The Company obtained equipment financing for $26.0 million of the
total contract price from Ascend Communications, Inc. The Company
is responsible for the remaining $2.9 million. Please refer to
Long-Term Financing, above for further details regarding the
Company's financing for the purchase of its VoIP Network. In
addition, the Company is obligated to pay Williams a monthly
maintenance fee of approximately $188,000 and an additional set-up
fee of $270,000 beginning on the first month following delivery of
the Network increasing to approximately $404,000 per month through
the twelfth (12th) month of the Williams Agreement. The monthly
maintenance fee increases to approximately $639,000 per month
<PAGE>
beginning with the thirteenth (13th) month and thereafter until the
end of the contract period. The remainder of the Williams Agreement
is for its carrier services in which the Company will pay
approximately $520,000 per month over the term of the contract. In
addition, the financing will include a five- year warrant to
purchase 315,151 shares of the Company 's common stock at an
exercise price of $8.25 per share. The warrant will include
provisions for anti-dilution protections, net exercise and
registration rights. The Williams Agreement can be terminated by
the Company with six month's written notice to Williams.
Beginning in August 1999, the Company entered into negotiations with
MCI/WorldCom ("MCI/WorldCom"), its major supplier of long distance
network transmission services, in an effort to lower its network
transmission costs. As a result of these negotiations, MCI/WorldCom
agreed to amend the existing contract between the Company and
MCI/WorldCom whereby MCI/WorldCom agreed to reduce the Company's
network transmission costs by approximately 40%. Additionally,
under the terms of the amendment, the minimum monthly purchase
requirement was increased to $12,000 per month and the total minimum
purchase requirement increased to $288,000. All remaining material
terms of the contract remain the same.
As a result of the Company's amended agreement with MCI/WorldCom,
the Company determined that it was necessary to reconfigure its VoIP
network as previously described. In August 1999, the Company began
negotiations with Williams to reevaluate the configuration of the
VoIP network. This reevaluation may or may not result in a
reduction of the cost of the VoIP network. The Company anticipates
that the currently scheduled launch date of the VoIP network
(currently scheduled for January 2000) will be significantly delayed
as a result of such reevaluation. The Company anticipates that such
reevaluation will be completed in the first quarter of the year 2000.

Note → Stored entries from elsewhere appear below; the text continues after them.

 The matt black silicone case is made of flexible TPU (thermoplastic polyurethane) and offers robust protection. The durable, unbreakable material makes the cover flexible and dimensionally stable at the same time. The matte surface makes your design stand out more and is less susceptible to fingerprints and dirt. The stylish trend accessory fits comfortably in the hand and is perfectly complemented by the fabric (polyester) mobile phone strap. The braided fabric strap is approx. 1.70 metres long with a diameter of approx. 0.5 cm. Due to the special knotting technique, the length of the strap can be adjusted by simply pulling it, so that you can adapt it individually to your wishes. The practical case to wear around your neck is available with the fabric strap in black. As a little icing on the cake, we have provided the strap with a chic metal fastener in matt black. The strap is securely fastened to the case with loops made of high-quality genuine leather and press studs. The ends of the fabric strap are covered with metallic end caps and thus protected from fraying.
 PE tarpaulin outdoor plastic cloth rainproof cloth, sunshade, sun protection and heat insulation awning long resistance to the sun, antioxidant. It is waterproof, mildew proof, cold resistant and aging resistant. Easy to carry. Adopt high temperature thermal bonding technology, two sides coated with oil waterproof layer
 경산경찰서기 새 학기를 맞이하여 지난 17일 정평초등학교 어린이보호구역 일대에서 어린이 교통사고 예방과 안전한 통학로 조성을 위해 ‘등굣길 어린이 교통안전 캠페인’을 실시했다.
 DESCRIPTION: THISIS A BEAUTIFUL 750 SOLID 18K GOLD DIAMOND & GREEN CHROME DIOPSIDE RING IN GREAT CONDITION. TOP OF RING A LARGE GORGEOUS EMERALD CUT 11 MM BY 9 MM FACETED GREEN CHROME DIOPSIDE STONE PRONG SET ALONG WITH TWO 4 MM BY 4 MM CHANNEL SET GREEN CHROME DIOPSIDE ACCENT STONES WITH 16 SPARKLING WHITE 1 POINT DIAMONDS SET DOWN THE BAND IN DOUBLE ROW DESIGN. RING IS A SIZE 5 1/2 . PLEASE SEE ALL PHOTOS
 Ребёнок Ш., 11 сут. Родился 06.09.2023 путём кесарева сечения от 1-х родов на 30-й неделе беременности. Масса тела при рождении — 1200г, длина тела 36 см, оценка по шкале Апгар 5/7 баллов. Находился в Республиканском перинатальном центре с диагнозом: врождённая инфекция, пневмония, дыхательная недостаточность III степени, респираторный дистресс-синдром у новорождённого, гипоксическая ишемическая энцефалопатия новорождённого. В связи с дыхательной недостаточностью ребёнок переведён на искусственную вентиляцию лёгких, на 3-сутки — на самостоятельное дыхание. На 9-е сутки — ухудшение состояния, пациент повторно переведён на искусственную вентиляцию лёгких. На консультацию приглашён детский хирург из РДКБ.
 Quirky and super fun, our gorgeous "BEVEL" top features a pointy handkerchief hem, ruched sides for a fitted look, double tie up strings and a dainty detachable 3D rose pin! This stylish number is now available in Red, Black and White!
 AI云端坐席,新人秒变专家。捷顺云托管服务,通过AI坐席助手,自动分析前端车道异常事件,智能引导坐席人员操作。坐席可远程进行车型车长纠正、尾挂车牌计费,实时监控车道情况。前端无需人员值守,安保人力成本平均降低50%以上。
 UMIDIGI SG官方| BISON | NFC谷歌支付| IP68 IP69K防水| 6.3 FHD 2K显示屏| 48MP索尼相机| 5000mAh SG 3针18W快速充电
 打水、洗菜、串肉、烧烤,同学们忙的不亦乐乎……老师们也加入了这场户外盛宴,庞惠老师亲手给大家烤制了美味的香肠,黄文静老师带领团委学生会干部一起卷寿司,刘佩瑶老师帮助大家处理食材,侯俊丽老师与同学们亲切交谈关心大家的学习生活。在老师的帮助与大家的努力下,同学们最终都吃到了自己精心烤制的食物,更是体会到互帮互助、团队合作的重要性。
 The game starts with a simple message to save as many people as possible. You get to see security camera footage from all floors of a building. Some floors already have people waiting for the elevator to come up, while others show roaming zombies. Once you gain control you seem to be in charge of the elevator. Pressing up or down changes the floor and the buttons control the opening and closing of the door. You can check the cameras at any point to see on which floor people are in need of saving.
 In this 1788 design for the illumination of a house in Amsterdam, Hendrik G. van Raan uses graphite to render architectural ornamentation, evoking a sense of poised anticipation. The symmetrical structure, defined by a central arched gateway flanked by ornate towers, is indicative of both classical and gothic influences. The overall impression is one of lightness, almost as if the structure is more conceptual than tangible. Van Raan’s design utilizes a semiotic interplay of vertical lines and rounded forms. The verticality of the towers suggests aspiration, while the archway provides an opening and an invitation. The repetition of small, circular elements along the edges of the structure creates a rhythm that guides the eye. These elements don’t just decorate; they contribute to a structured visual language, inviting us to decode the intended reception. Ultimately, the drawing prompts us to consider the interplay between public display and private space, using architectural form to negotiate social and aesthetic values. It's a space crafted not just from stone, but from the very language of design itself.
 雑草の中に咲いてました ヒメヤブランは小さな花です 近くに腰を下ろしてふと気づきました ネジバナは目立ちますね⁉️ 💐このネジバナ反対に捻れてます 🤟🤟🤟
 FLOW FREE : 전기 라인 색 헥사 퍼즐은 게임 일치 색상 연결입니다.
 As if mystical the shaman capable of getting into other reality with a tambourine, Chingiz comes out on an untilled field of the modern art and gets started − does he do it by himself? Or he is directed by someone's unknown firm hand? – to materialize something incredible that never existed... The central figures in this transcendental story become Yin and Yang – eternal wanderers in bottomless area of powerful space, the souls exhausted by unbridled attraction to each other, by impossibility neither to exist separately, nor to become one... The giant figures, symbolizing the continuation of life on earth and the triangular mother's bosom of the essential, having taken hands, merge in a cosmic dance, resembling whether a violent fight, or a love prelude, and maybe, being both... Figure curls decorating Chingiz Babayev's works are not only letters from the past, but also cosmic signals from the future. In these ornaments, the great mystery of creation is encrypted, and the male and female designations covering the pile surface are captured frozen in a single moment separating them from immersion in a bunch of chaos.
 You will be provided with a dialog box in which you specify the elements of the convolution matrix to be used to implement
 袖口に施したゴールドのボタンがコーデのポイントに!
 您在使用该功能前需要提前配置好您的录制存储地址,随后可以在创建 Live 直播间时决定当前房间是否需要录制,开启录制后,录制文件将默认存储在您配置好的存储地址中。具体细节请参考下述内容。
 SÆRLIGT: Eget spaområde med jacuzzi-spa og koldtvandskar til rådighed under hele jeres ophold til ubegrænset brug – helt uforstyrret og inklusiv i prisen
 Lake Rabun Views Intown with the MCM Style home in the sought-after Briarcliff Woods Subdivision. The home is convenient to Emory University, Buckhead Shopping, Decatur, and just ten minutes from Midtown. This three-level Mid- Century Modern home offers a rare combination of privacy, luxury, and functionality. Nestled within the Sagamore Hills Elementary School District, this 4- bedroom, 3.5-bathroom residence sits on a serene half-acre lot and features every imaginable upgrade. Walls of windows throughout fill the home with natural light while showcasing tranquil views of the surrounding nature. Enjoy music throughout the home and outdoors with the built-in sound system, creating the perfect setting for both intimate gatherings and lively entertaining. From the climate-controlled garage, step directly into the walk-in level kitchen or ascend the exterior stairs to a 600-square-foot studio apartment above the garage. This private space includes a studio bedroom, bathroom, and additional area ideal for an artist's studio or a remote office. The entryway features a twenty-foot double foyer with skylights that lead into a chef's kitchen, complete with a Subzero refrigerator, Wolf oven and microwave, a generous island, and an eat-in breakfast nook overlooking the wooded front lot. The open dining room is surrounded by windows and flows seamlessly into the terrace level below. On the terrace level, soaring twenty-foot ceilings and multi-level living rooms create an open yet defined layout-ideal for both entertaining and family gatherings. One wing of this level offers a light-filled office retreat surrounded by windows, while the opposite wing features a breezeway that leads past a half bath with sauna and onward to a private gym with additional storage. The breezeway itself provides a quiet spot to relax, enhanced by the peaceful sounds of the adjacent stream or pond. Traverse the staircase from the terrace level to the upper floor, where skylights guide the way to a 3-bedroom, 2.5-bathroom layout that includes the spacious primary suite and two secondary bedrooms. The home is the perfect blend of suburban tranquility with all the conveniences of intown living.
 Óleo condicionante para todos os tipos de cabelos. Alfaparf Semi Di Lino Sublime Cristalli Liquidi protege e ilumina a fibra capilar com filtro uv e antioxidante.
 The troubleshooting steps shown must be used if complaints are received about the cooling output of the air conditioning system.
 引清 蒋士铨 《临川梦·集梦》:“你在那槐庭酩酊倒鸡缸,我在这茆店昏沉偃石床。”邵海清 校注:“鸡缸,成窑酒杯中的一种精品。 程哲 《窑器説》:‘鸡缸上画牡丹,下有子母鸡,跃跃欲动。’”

OTHER CAPITAL EXPENDITURES
The Company also expects to purchase approximately $200,000 of
additional equipment in connection with the expansion of its
business. Because the Company presently does not have the capital
for such expenditures, it will have to raise these funds. (See
Long-Term Financing in this section).
GOING CONCERN
The Company's independent certified public accountants have stated
in their report included in this Form 10-KSB, that the Company has
incurred operating losses in the last two years, has a working
capital deficit and a significant stockholders deficit. These
conditions raise substantial doubt about the Company's ability to
continue as a going concern.
YEAR 2000 DISCLOSURE
The Company has completed a review of its computer systems and
non-information technology ("non-IT") systems to identify all
systems that could be affected by the inability of many existing
computer and microcontroller systems to process time-sensitive data
accurately beyond the year 1999, referred to as the Year 2000 or Y2K
issue. The Company is dependent on third-party computer systems and
applications, particularly with respect to such critical tasks as
accounting, billing and the underlying carrier (MCI/WorldCom) of its
long distance telephone service. The Company also relies on its own
computer and non-IT systems (which consists of personal computers,
internal telephone systems, internal network server, Internet server
and associated software and operating systems). In conducting the
Company's review of its internal systems, the Company performed
operational tests of its systems which revealed no Y2K problems. As
a result of its review, the Company has discovered no problems with
its systems relating to the Y2K issue and believes that such systems
are Y2K compliant. Additionally, the Company has obtained written
assurances from all of its major suppliers of third-party computer
systems and applications, indicating that they have completed a
review of their respective computer systems and that such systems
are Y2K compliant. Costs associated with the Company's review were
not material to its results of operations.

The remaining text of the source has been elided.